(non-flame post) evolution of IC in computer model

From: DNAunion@aol.com
Date: Mon Oct 09 2000 - 12:30:17 EDT

  • Next message: Chris Cogan: "Re: Human designers vs. God-as-designer"

    DNAunion: I thought I would try leaving old topics behind and try to start over again (this time, still using my same name!). Perhaps that will be enough to break the cycle of negative exchanges between me and others here. Here is my first attempt at a return to civility: it addresses a computer program that modeled the evolution of biological information and is an excerpt from a post I made at another site.

    ***********
    [anti-IDist claims that model used "better binding" as a selection factor.]
    ***********

    DNAunion: In the model, it is not the recognizer's ability to bind better (i.e., more tightly) to sites that drives selection, but the recognizer's combined ability to bind more correct sites and fewer incorrect sites.

    If the recongizer's score for a site exceeds a fixed threshold (-58 in the run mentioned in the article), then it recognizes that site - if not, it doesn't. This is a binary decision - either true or false - there are no gradations.

    ************
    [anti-IDists claims that the model showed CSI forming by RM & NS]
    ************

    DNAunion: Bits of information are additive. According to the article, each 6-base binding site contained 4 bits of information, and there were 16 such sites. The total amount of information evolved, in bits, is thus 4 bits x 16 sites = 64 bits of information. This falls way short of Dembski's universal probability bound of 500 bits of information - the amount he equates with CSI - so this is not a simulation of CSI evolving.

    And this total information measure is confirmed in the article itself.

    [quote]"...[t]he probability of finding 16 sites averaging 4 bits each in random sequences is [2^(-4x16) = ~5x10^(-20)] yet the sites evolved from random sequences in only ~10^3 generations, at an average rate of 1 bit per 11 generations." [/quote]

    Note the "2^(-4 x 16)" which is equal to 2^-64, or 64 bits of information.

    As far as how quickly the non-CSI information evolved, that is open to discussion and scrutiny.
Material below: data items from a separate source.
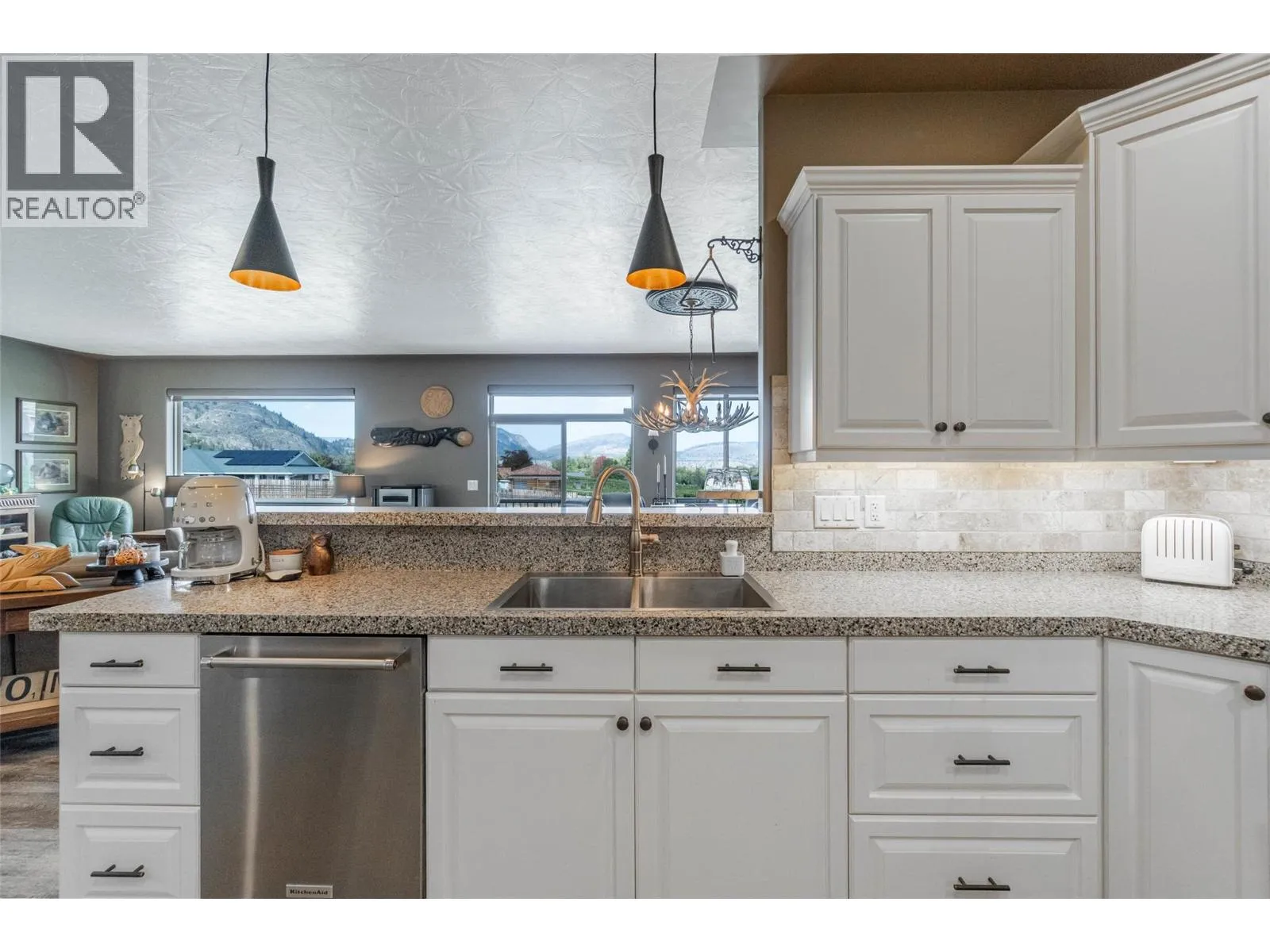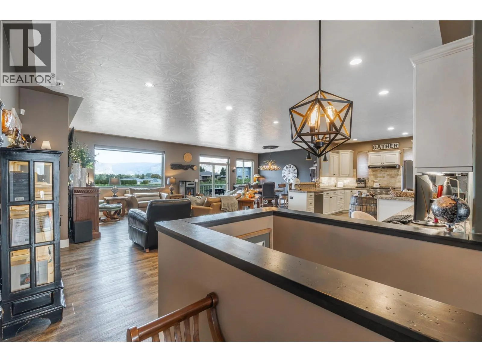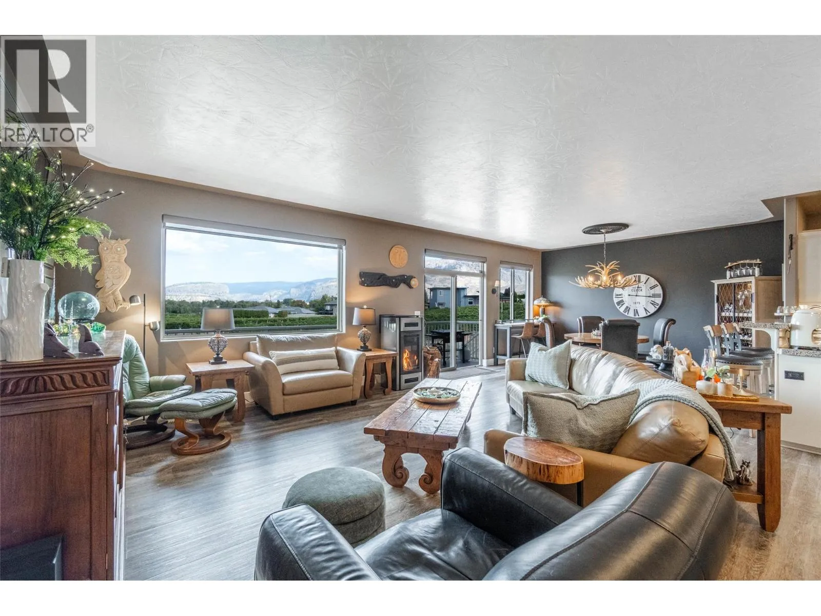Stunning ENTERTAINERâS DREAM HOME nestled in a quiet cul-de-sac in one of the most desirable locations in Oliver. 3 BED, 3 BATH exquisite rancher with walk-out basement offers a perfect balance of luxury & livability. Custom built in 2008 & first occupied in 2016, this home has since been renovated with exceptional craftsmanship. Expansive great room with 9-ft sculptured ceilings, gorgeous kitchen, gas f/p & breathtaking mountain & vineyard views from every window. Enjoy a morning coffee while gazing at McIntyre Bluff on your newly surfaced deck. Tranquil primary bedroom with walk-in closet, 4-pce ensuite & balcony access for your own private views. Updates include kitchen cabinets, stone countertops, appliances, vinyl plank flooring, gas f/p, bathrooms & window coverings. Completing this level is a 2nd bedroom, 3-pce bath & laundry area w/sink. A sweeping staircase leads to an impressive lower level designed for stylish entertaining. Beautifully transformed with bar seating, refreshed kitchenette, frosted glass doors & contemporary lighting. Take your entertainment outdoors to a large, covered walk-out patio with the privacy of a vineyard in your backyard. With its own private entrance, bedroom, 4-pce bath & laundry hook-ups, this level can easily be converted to an in-law suite or mortgage helper. Attached 2-bay oversized & insulated garage. Notable upgrades include newer gas furnace, HWT, water softener, garage doors & front door. Effortless living, beautifully designed. (id:27476)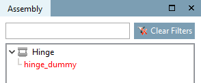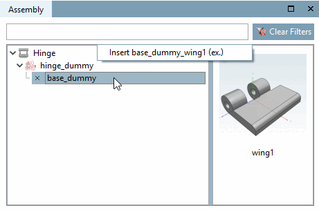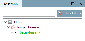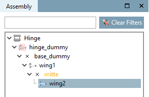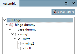 The assembly is shown as root element, below the dummy starter part and the pendent single parts.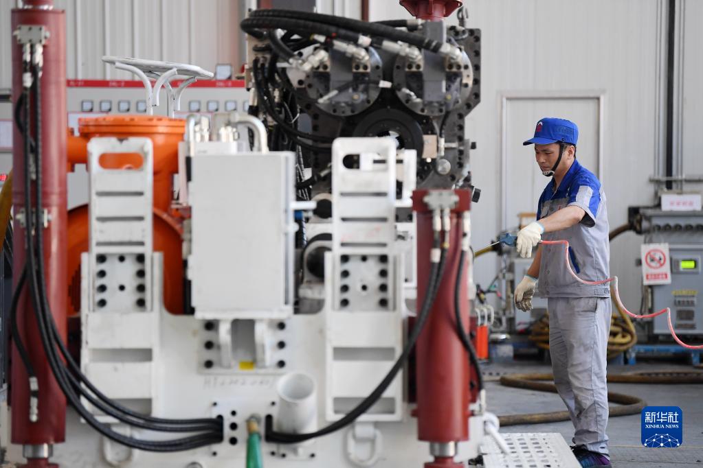 在位于秦創(chuàng)原總窗口所在地陜西省西咸新區(qū)的陜西太合智能鉆探有限公司,工人準(zhǔn)備對(duì)智能定向鉆機(jī)進(jìn)行性能調(diào)試(2022年6月17日攝)。新華社記者 李一博 攝
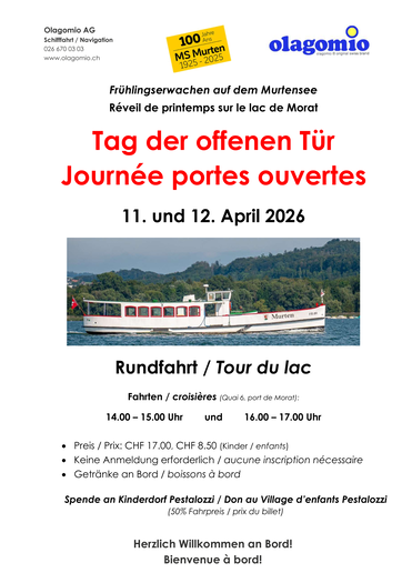 Am Samstag und Sonntag, 11. und 12. April 2026 kann das «MS Murten» ab 12.00 Uhr im idyllischen Hafen Murten (Quai 6) besichtigt werden. Es darf gefachsimpelt werden und alle Fragen rund um Charterfahrten auf den 3 Juraseen werden beantwortet. Sie werden staunen, was alles möglich ist!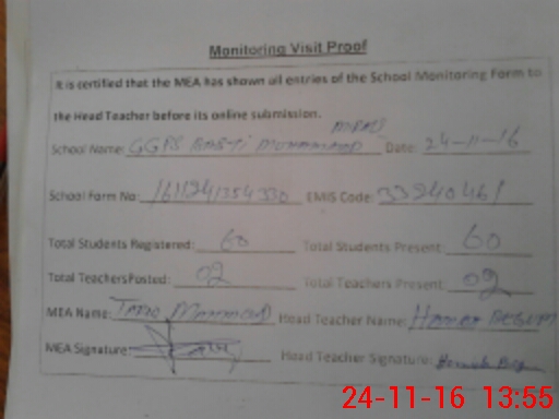 | Certified that this School was Inspected by the Undersigned MEA/DMO Today and the Information Stated Above is as Per Record. | |||||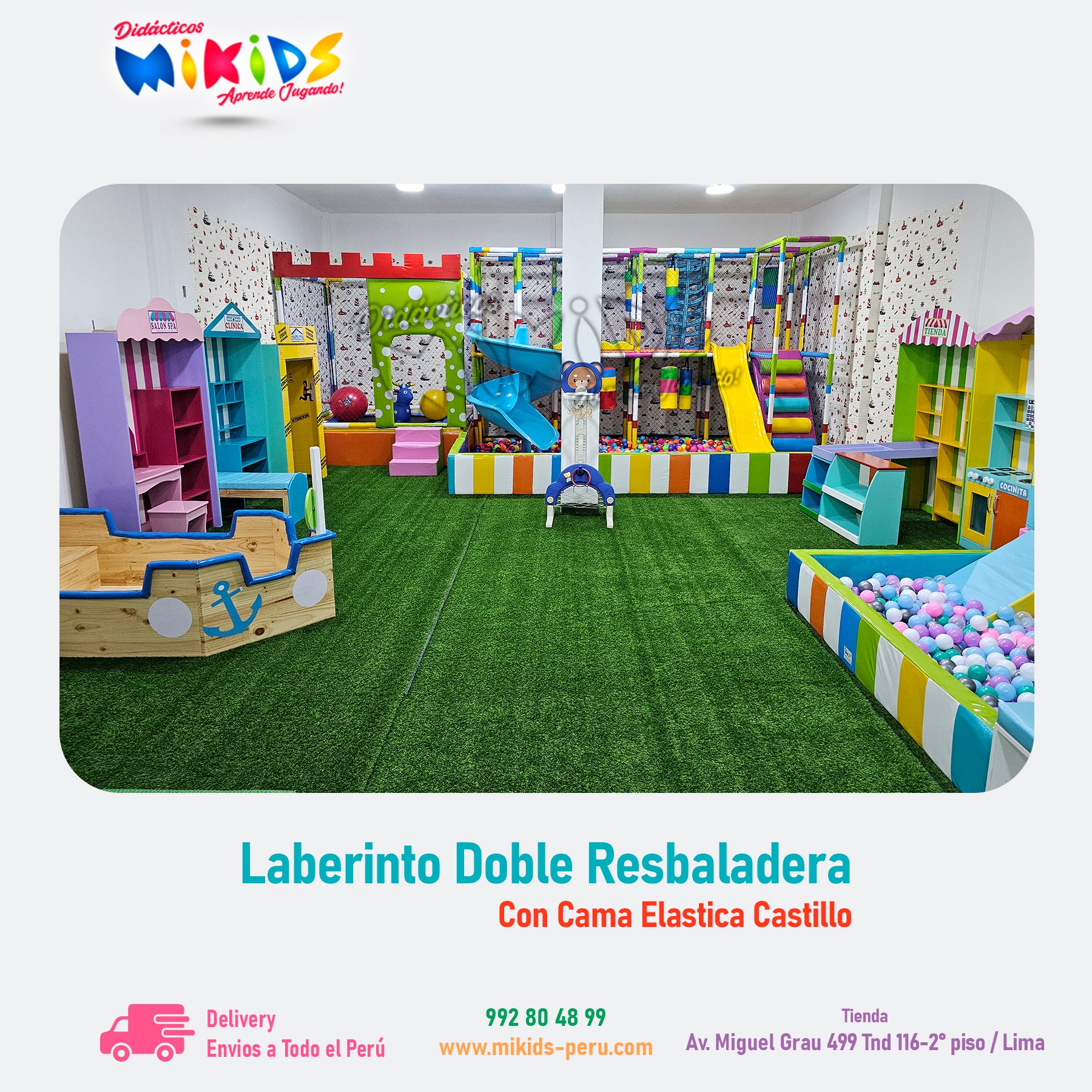 LABERINTO DOBLE RESBALADERA CON CAMA ELASTICA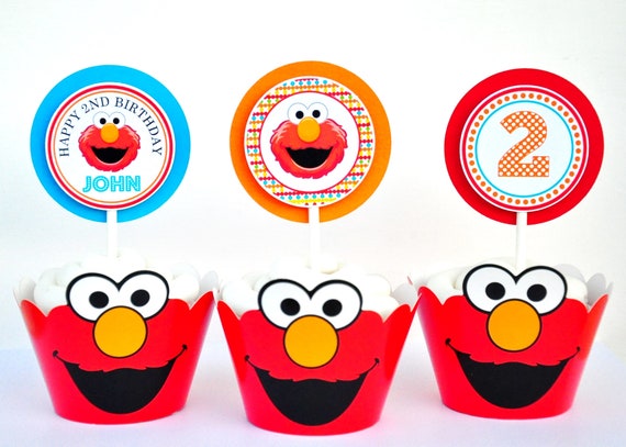 Elmo Cupcake Toppers 1st Birthday Party Decorations Sesame Etsy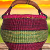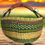 This artisan basket, handwoven from natural fibers, blends tradition with utility. The sturdy handle and textured weave make it ideal for home décor or carrying essentials. Its earthy tones and meticulous craftsmanship celebrate the beauty of African heritage, offering both durability and charm.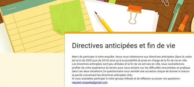 L'enquête a pour objectif de donner la parole au plus grand nombre possible de médecins généralistes, qui sont auprès des patients tous les jours, afin de mieux comprendre les limites pragmatiques à la mise en place des directives anticipées au sein de la prise en charge des patients, notamment en fin de vie, dans l'activité médicale quotidienne réelle.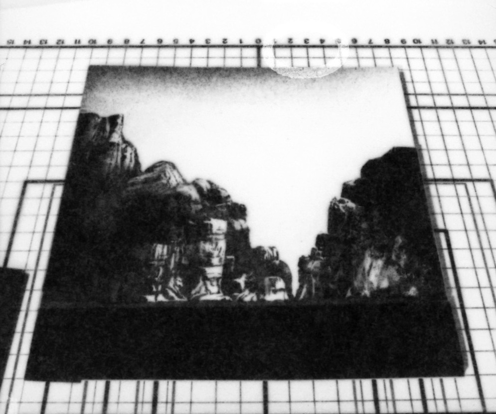 Fotografi av projeksjon til scenografien til Nationaltheatrets produksjon Fruen fra Havet (1977)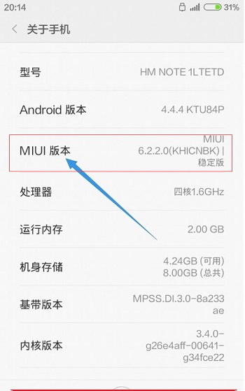 3、然后找到“MIUI版本”一项,连续点击直至显示“您现在处于开发者模式”为止。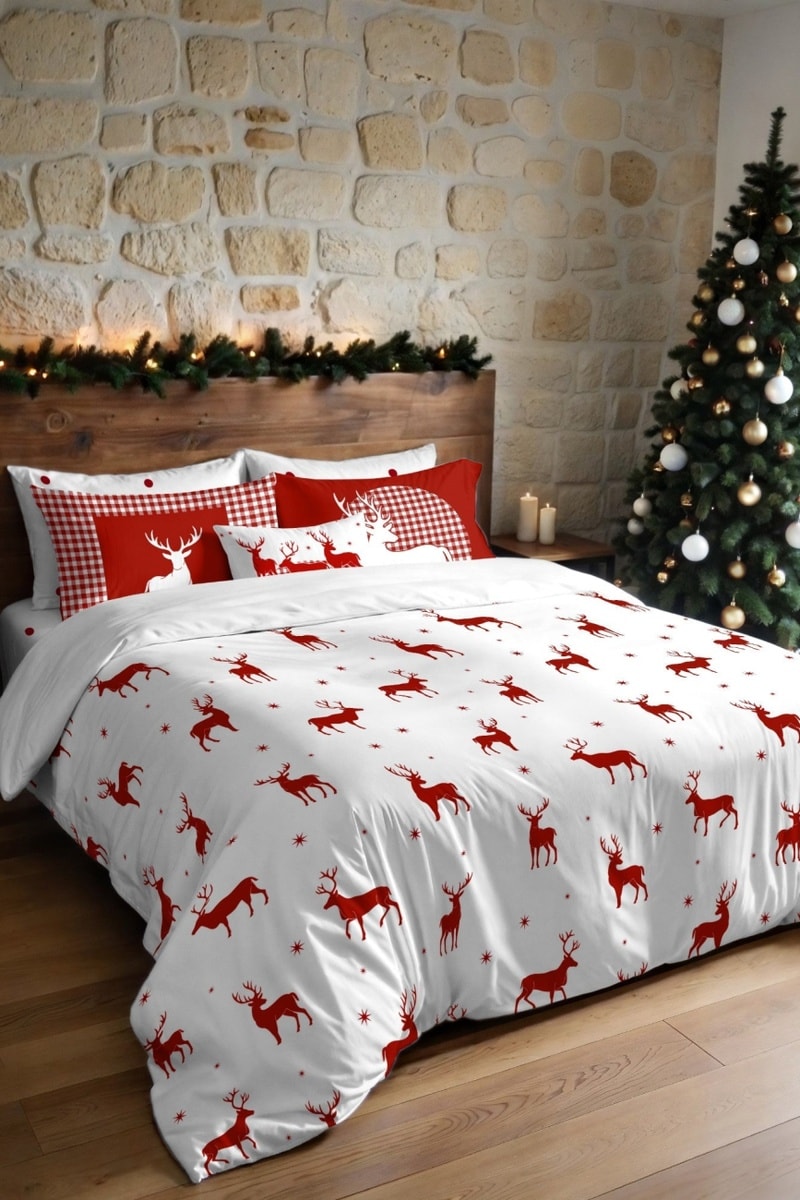 Housse de couette d’inspiration festive, motif cerfs et étoiles rouges, idéale pour transformer votre chambre en un véritable cocon de magie hivernale. Fermeture pressionnée discrète pour une installation rapide et facile du garnissage. Tissu extra-doux au toucher coton, conçu pour offrir confort et chaleur tout au long de la nuit. Facile d’entretien : ne se froisse pas, sèche rapidement et conserve des couleurs éclatantes lavage après lavage. Disponible en plusieurs tailles pour s’adapter à votre lit et à votre matelas.

    We need to take a close look at the selection mechanism in Schneider's model to determine whether it is a plausible natural method, or if it is also directed in some way (I haven't studied that part enough yet to comment - just raising a caution flag at this point).

    ***********
    [anti-IDist points out that the authors “refute” Behe giving the following quote]

    [quote]"The ev model can also be used to succinctly address two other creationist arguments. First, the recognizer gene and its binding sites co-evolve, so they become dependent on each other and destructive mutations in either immediately lead to elimination of the organism. This situation fits Behe's [34] definition of `irreducible complexity' exactly (``a single system composed of several well-matched, interacting parts that contribute to the basic function, wherein the removal of any one of the parts causes the system to effectively cease functioning'', page 39), yet the molecular evolution of this `Roman arch' is straightforward and rapid, in direct contradiction to his thesis." [/quote]
    ************

    DNAunion: I missed the "ICness" of the system in my readings. Not that it isn't in there, but I didn't notice it. Perhaps someone could help point it out to me.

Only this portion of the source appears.